Sie schenkten der Welt U-Boot, Radium, Druckmaschine, Segway... und starben daran. Sieben Pioniere des Fortschritts, denen ihre Visionen zum Verhängnis wurden

von
Franz Reichelt sprang in diesem Kostüm vom Eiffelturm.
Franz Reichelt sprang in diesem Kostüm vom Eiffelturm.Foto: bpk

Franz Reichelt (1879-1912). Reporter und Fotografen sind gekommen, na klar, er hat sie schließlich eigens herbestellt. In seinem selbstgeschneiderten Anzug posiert Franz Reichelt auf dem Rasen vorm Eiffelturm, dreht sich um die eigene Achse, lässt sich ausgiebig von allen Seiten filmen. Dann betritt er den Aufzug, rauf zur ersten Plattform. Von hier oben will er sich aus 57 Metern in die Tiefe stürzen. Das Stoffungetüm, so der Plan, werde durch den Luftwiderstand seinen Fall bremsen. Die Pariser Stadtverwaltung hat den Sprung genehmigt, auch wenn es später heißen wird, der zuständige Sachbearbeiter habe nur deshalb zugestimmt, weil er glaubte, Reichelt wolle statt sich selbst eine lebensgroße Puppe fallen lassen. Es ist Sonntag, der 4. Februar 1912, und Franz Reichelt, ein österreichischer Tüftler und Draufgänger, möchte sich endlich die 10 000 Franc Belohnung verdienen. Der Aéro-Club de France hat sie demjenigen versprochen, der einen Fallschirm mit höchstens 25 Kilo Gewicht baut – und dann auch ausprobiert. Dass die Selbstversuche von Flugpionieren leicht tödlich enden, ist bekannt: 16 Jahre zuvor hat sich der Berliner Otto Lilienthal am Hängegleiter in den Tod gestürzt. Reichelt verfügt zwar über wenig Physikkenntnisse, ist dafür ein erfahrener Schneider. Ein Journalist will wissen, ob Reichelt sein Fledermauskostüm ausreichend getestet habe. Hat er. Dabei brach sich Reichelt zwar das Bein, doch der Erfinder glaubt, dies habe nur an der zu geringen Sprungdistanz gelegen. Oben auf der Plattform steht der 33-Jährige mehr als eine Minute unschlüssig auf dem Geländer,  wippt vor und zurück, setzt wiederholt zum Sprung an, hält jedes Mal inne. Dann kippt er doch nach vorn und stürzt senkrecht in die Tiefe. Der Stoff flattert nicht einmal, Franz Reichelt schlägt ungebremst auf dem Rasen auf und ist sofort tot.
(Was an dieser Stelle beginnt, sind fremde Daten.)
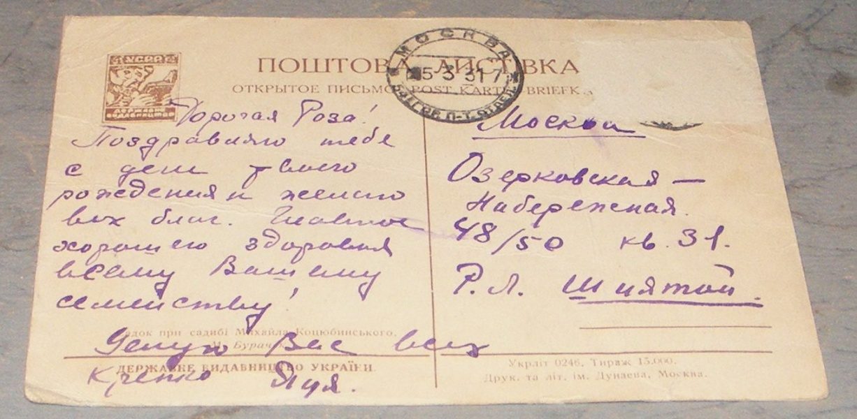 Описание открытки: Укрлiт 0246. Тираж 15000. Друк. та лiт iм. Дунаева, Москва. ДЕРЖАВНИ ВИДАВНИЦIВО УКРАIНИ
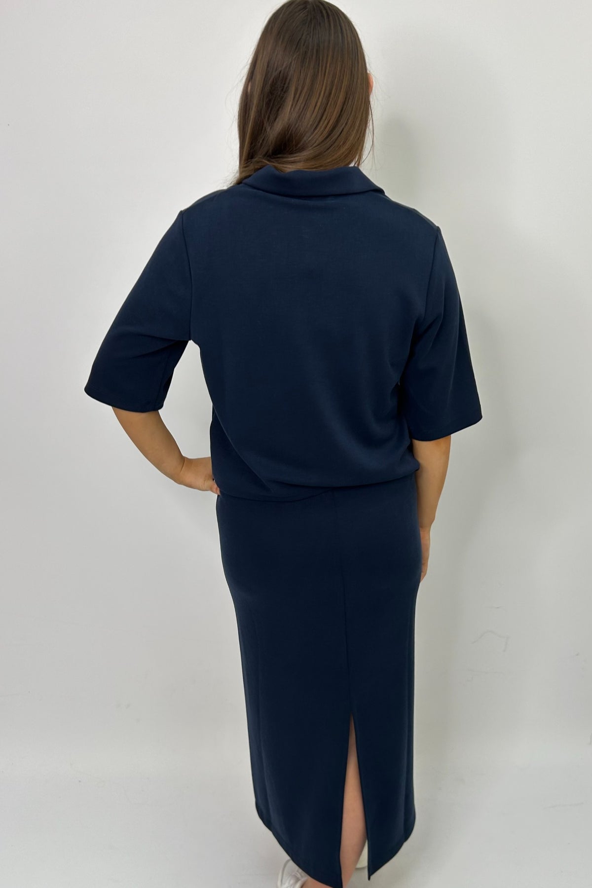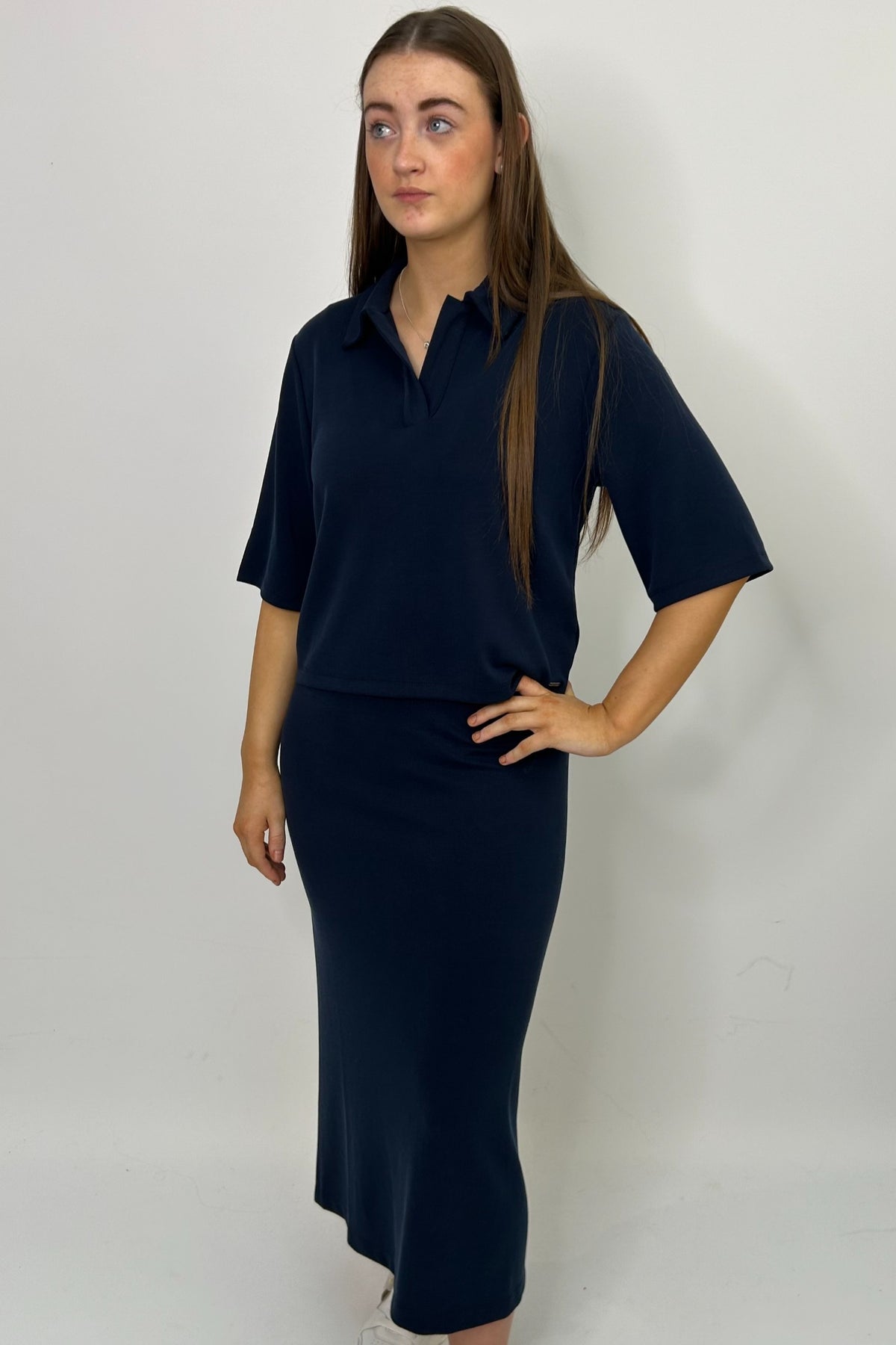 Regular price £84.95This is a lovely navy jersey top, which has a matching skirt to make a fab outfit combo ( Sold Separately). This top will go with a lot of colours. This top features short sleeves, standard collar, V-neckline and polo shirt style and boxy fit.

Alexander Bogdanow (1873-1928). Die Idee zur Bluttransfusion gibt es seit dem Mittelalter. Frühe Versuche enden meist tödlich, was auch daran liegt, dass Spender und Empfänger höchstens durch Zufall dieselbe Blutgruppe haben – die Existenz der vier verschiedenen Klassen wird erst zu Beginn des 20. Jahrhunderts vom Wiener Pathologen Karl Landsteiner entdeckt. Alexander Bogdanow, ein renommierter russischer Arzt, Philosoph, Marxist und Science-Fiction-Autor, möchte das Transfusionsverfahren weiter verbessern. Er ist davon überzeugt, dass auch gesunde Menschen vom Blutaustausch profitieren – Bogdanow hofft auf eine stimulierende Wirkung und einen Jungbrunnen-Effekt. Um das zu beweisen, gründet er 1926 in Moskau das „Institut der Blutlehre und Bluttransfusion“. Finanziell unterstützt wird er von Stalin, dem er zuvor die Verjüngung der gesamten Sowjetspitze versprochen hat, auch ein militärischer Nutzen scheint greifbar. Alexander Bogdanow beginnt eine Reihe von Selbstversuchen. Nach elf Transfusionen zieht der 54-Jährige ein euphorisches Zwischenfazit: Seine Sehstärke habe sich durch die Aufnahme fremden Bluts verbessert, der Haarausfall nachgelassen. Ein Kollege attestiert Bogdanow, er wirke nun „sieben, nein, zehn Jahre jünger“. Für seinen zwölften Selbstversuch lässt sich Bogdanow einen Liter Blut eines Tuberkulose- und Malariakranken spritzen. Erst versagt seine Niere, später auch das Herz. Weshalb genau Bogdanow stirbt, ist bis heute umstritten. Der Tuberkulosekranke überlebt und wird geheilt.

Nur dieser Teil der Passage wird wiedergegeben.